Answer by Javier on 21 Sep 2012
Edited by Javier on 21 Sep 2012

Hello Babak

Ok big issue here but not impossible. The following procedure works in Matlab R2012a.

Step 1

Import 3 files: One will be Rxn (7 columns), File1 and other called "Var1" will be column 5 of Rxn. When you import this to Matlab you will have string information not data. Because the information is in Excel (for example) use the function num2str in the import process.

Step 2

Now, for each string in File1, we begging the search in Var1. This will work for the search of the first string in File1.

for i=1:1170

R(i,1)=sum(find(A(i,:)==File1(1,:)),2);

end

How R works. For 2.11.7.8 we have 8 characters. Then, if R= 36 all the string match and we find what we are looking for. If you remove the sum, an error will appear. At the end I provide a code that you can check. If the number of characters change, establish a condition in Step 3 according to string data search.

Step 3

R is column vector. Find in R the value 36. Remember, 2.11.7.8 we have 8 characters, and the sum of 1 to 8 is 36.
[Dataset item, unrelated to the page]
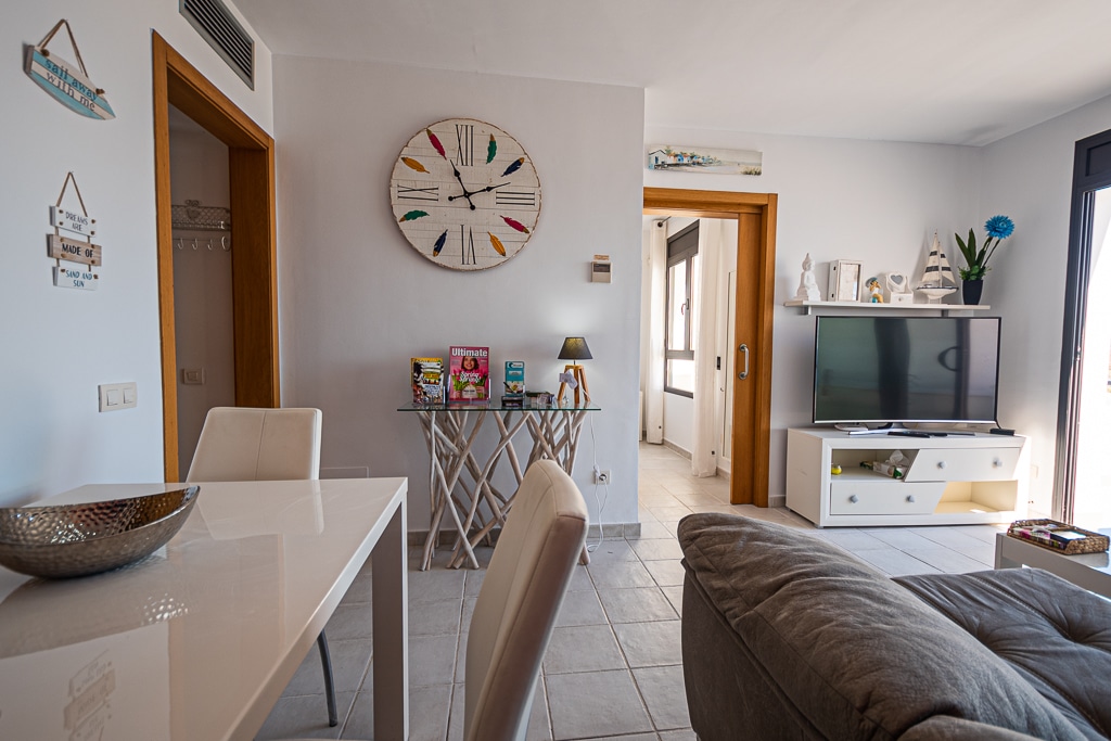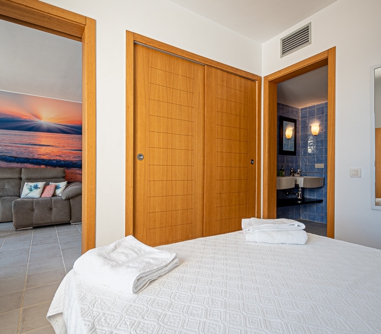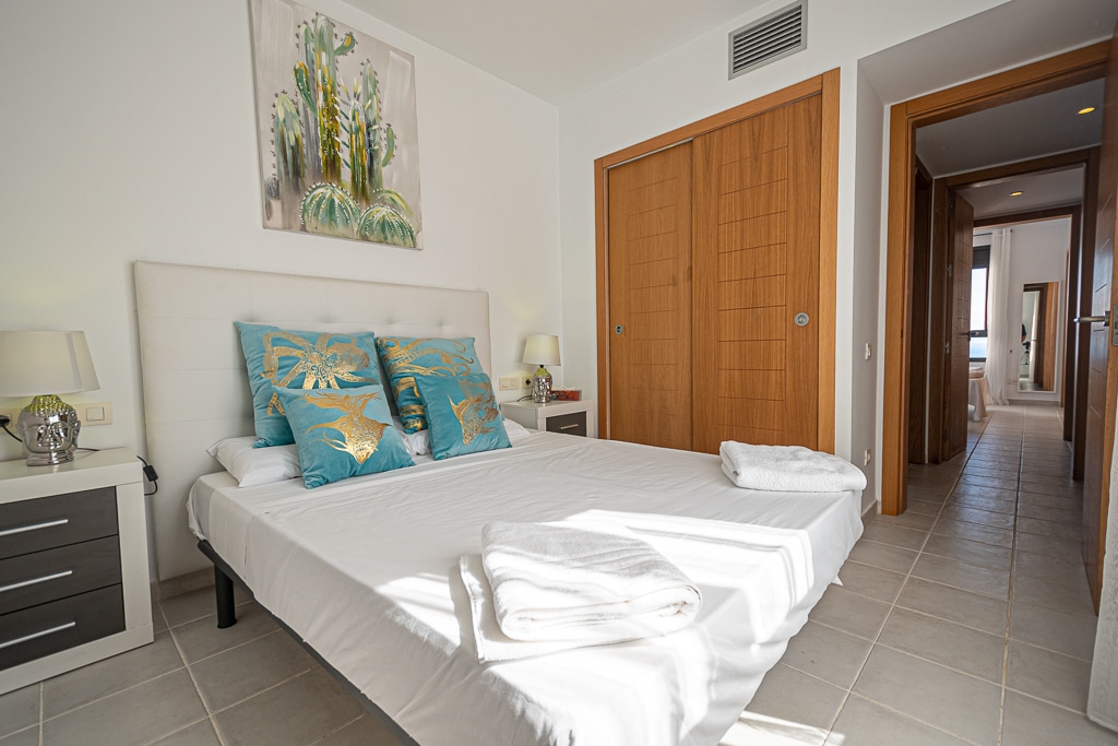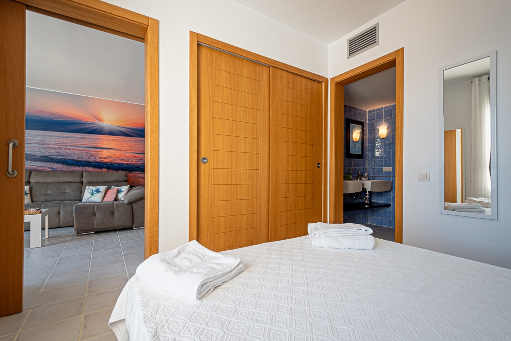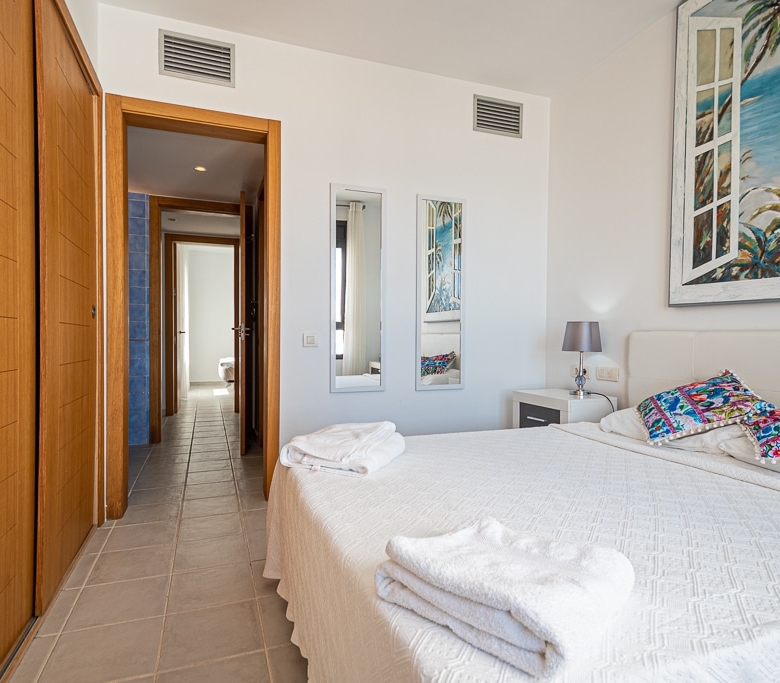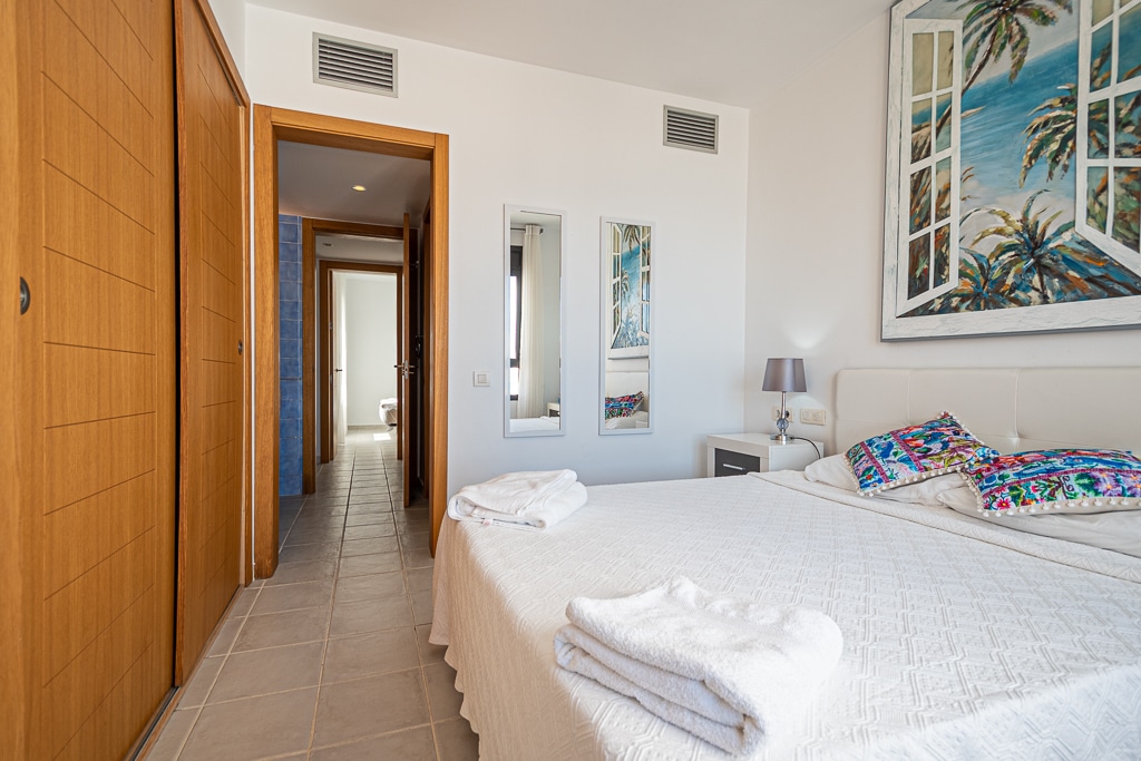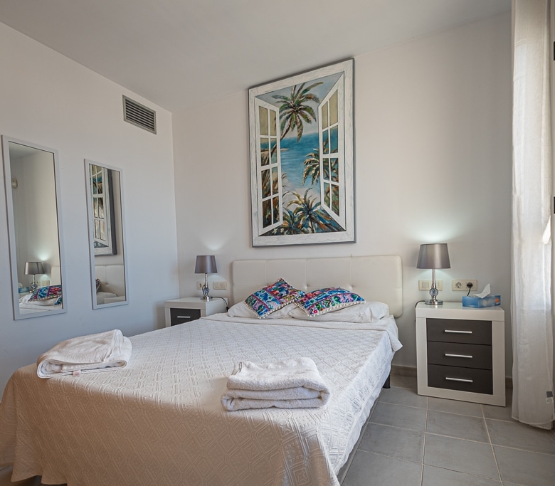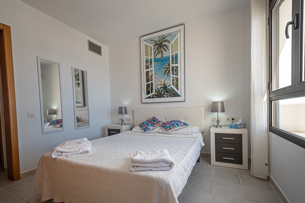 Located on the Playa Macenas Beach Resort, this is a fabulous, air-conditioned, 2 bedroom, 2 bathroom apartment with wifi and wonderful sea views. The Lounge and dining room are well proportioned. The lounge area has a sofas coffee table and 58″ Flat Screen TV (UK & Spanish channels). The dining area has a dining table with 4 chairs and a dresser. Patio doors from the lounge to the terrace. Terrace furniture includes a round table and 4 chairs – an ideal place for breakfast, lunch and dinner!

RR=find(R==36) %Now you have the rows

Step 4

New matrix and copy process

for i=1:size(RR,1)

` Newm(i,:)=Rxn(RR(i,1),:)`

end

Code

%Step 1 Search a value (A(1,:)). This is the first value in A. It could be the first element of File1

a=randn(100,4);

A=[num2str(abs(round(a(:,1)))),repmat('.11.',100,1),num2str(abs(round(a(:,2))))];

B=[num2str(abs(round(a(:,3)))),repmat('.11.',100,1),num2str(abs(round(a(:,4))))];

%My Rxn matrix (2 columns A,B)

Rxn=[A,B];

Var1=A; %search in this column

File1=A(1,:) %search this data

%Step 2

for i=1:size(Rxn,1)

R(i,1)=sum(find(Var1(i,:)==File1(1,:)),2);

end

%Step 3

RR=find(R==21) %Data are like 1.11.1, 6 characters and sum(1 to 6)=21

%Step 4

for i=1:size(RR,1)

` Newm(i,:)=Rxn(RR(i,1),:)`

end

Feel free to make a comment and verify that the code supplied works before comment.

Regards

Javier